The actress opens up to ET about filming the HBO series and the big budget film at the same time.
After appearing in The New Mutants, Alice Braga is set to star in another superhero film franchise. This time, it’s DC Extended Universe’s newest installment of The Suicide Squad, a sequel/reboot of sorts directed by James Gunn and starring Margot Robbie as Harley Quinn. “I really love the comics. I really love the DC world,” Braga says as she chats with ET via zoom. “I’m a huge fan of James Gunn. I think he’s a phenomenal director that brings so much joy and so much fun to this.”
In the ensemble antihero film, which also co-stars Viola Davis, Storm Reid, Daniela Melchior and Mayling Ng, the Brazilian actress plays Sol Soria, a South American revolutionary and ally of the new Squad. And when it comes to the fact that the latest film features so many women, “I think it’s so important for us to be represented, for women, the strength of women, for female empowerment,” she continues.

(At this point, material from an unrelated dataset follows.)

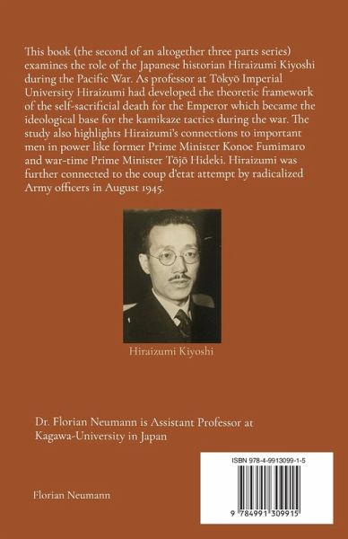 This book (the second of an altogether three parts series) examines the role of the Japanese historian Hiraizumi Kiyoshi during the Pacific War. As professor at Tokyo Imperial University Hiraizumi had developed the theoretic framework of the self-sacrificial death for the Emperor which became the ideological base for the kamikaze tactics during the war. The study also highlights Hiraizumi's connections to important men in power like former Prime Minister Konoe Fumimaro and war-time Prime Minister Tojo Hideki. Hiraizumi was further connected to the coup d'etat attempt by radicalized Army officers in August 1945.

The importance of female representation on screen, she adds, is similar to what audiences get to see in We Are Who We Are, Luca Guadagnino’s eight-part, coming-of-age HBO series about two teenagers exploring their gender and sexual identities while living on a U.S. military base in Italy. On the series, Braga plays Maggie Teixeira, one-half of a lesbian military couple and parents to 14-year-old Fraser (Jack Dylan Grazer).
“We were saying that we wish we had a show like this when we were younger. I think it’s the same thing for [Suicide Squad],” she says. While acknowledging these characterizations may be “too violent” for younger girls, she explains that it’s still important to “see these women in a powerful way, in action sequences and all that.”

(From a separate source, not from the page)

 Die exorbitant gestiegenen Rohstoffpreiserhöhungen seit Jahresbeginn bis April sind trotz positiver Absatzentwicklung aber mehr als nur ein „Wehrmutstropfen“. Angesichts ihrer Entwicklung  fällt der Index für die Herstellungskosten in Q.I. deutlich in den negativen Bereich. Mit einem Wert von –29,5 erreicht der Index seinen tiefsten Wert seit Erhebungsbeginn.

While both the movie and TV series feature layers of representation and visibility, the projects -- and experiences filming them -- couldn’t be more different. For Braga, that experience was compounded by the fact that they were both in production during the fall of 2019, forcing her to fly back and forth between Atlanta, Georgia, and Italy. “So I had to go from Maggie to Sol Soria, which is a really different energy, different type of character in a completely different world.”
She adds, “It was definitely an extreme change to go from We Are Who We Are with Luca, that specific world about self-discovery to holding a gun.”

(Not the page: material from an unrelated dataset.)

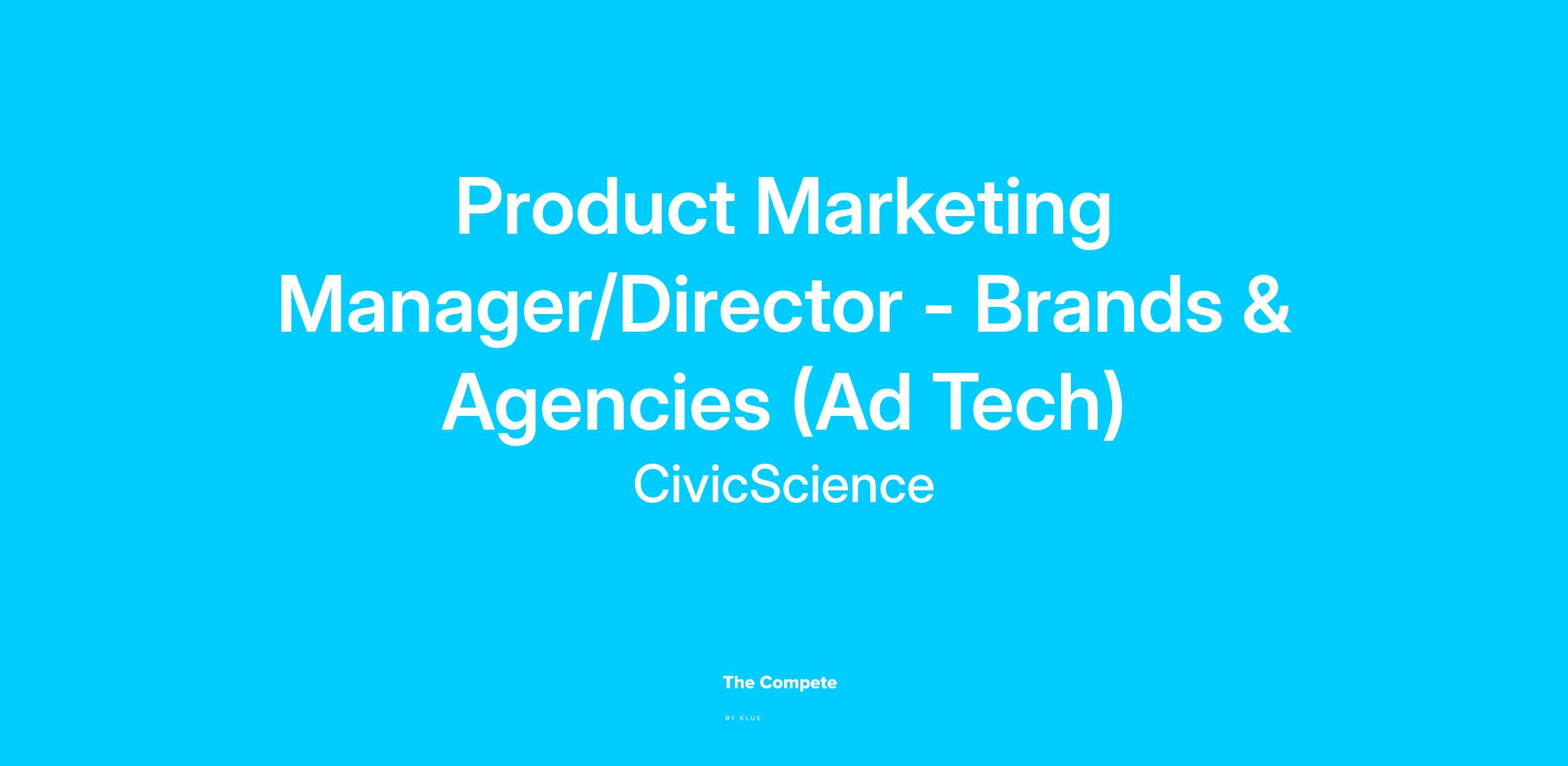 CivicScience improves data-driven advertising across the open web through the use of declared consumer intent. We are looking for a detail-oriented Product Marketing Manager/Director to join our team and improve the speed, clarity, and quality of messaging to our prospective clients at brands and agencies.

On the meditative and moody HBO series, which is now halfway through its run, playing Maggie was not only an opportunity to work with Guadagnino, whom she first met a decade earlier, it was also a chance to “pursue this character and find myself in a way,” she says. In order to bring Maggie to life, Braga says the director pushed her out of her comfort zone at times and challenged her in ways as an actress she hasn’t been before.
As the show gets deeper into its story and inside the characters’ heads, audiences see that this kind, doting caretaker keeps a “part of her that is very much alive” hidden from view. Braga says later on we see just how much she likes to enjoy life and meet new people. “There’s duality to her. She’s a very present mom, the caretaker of the family, the base of the family,” the actress continues. “But at the same time, there is this other side that is ambitious and is alive that wants to explore, that wants to seduce.”
What that need for exploration will mean for Maggie’s current relationship with her wife, Sarah (Chloë Sevigny), and son remains to be seen, but the actress does point out that on an army base, “if you’re a couple, you can be prosecuted for cheating.”
The series is also full of Easter eggs, from cameos by Guadagnino’s Call Me by Your Name stars Armie Hammer and Timothée Chalamet to the last name of Braga’s character, which is a reference to the Oscar-winning film’s producer Rodrigo Teixeira. “He’s a dear friend of mine, someone that I deeply admire,” Braga says of paying tribute to someone she calls “a wonderful representative for Brazilian cinema.”
In keeping with the themes of self-discovery, Braga also found it interesting to be filming in Italy during what she calls a “triangle that was very far right,” referring to President Donald Trump, Brazil’s Jair Bolsonaro and Italy’s Sergio Mattarella. “To be involved in a show like that, talking about freedom, talking about all these subjects in the show… it definitely makes you think, ‘Where are we going with the choices that we’re making?” she explains, adding that’s why she’s so happy the show is out now.
Braga concludes, “It’s a powerful journey for sure.”
We Are Who We Are airs Mondays at 10 p.m. ET/PT on HBO and is now streaming on HBO Max.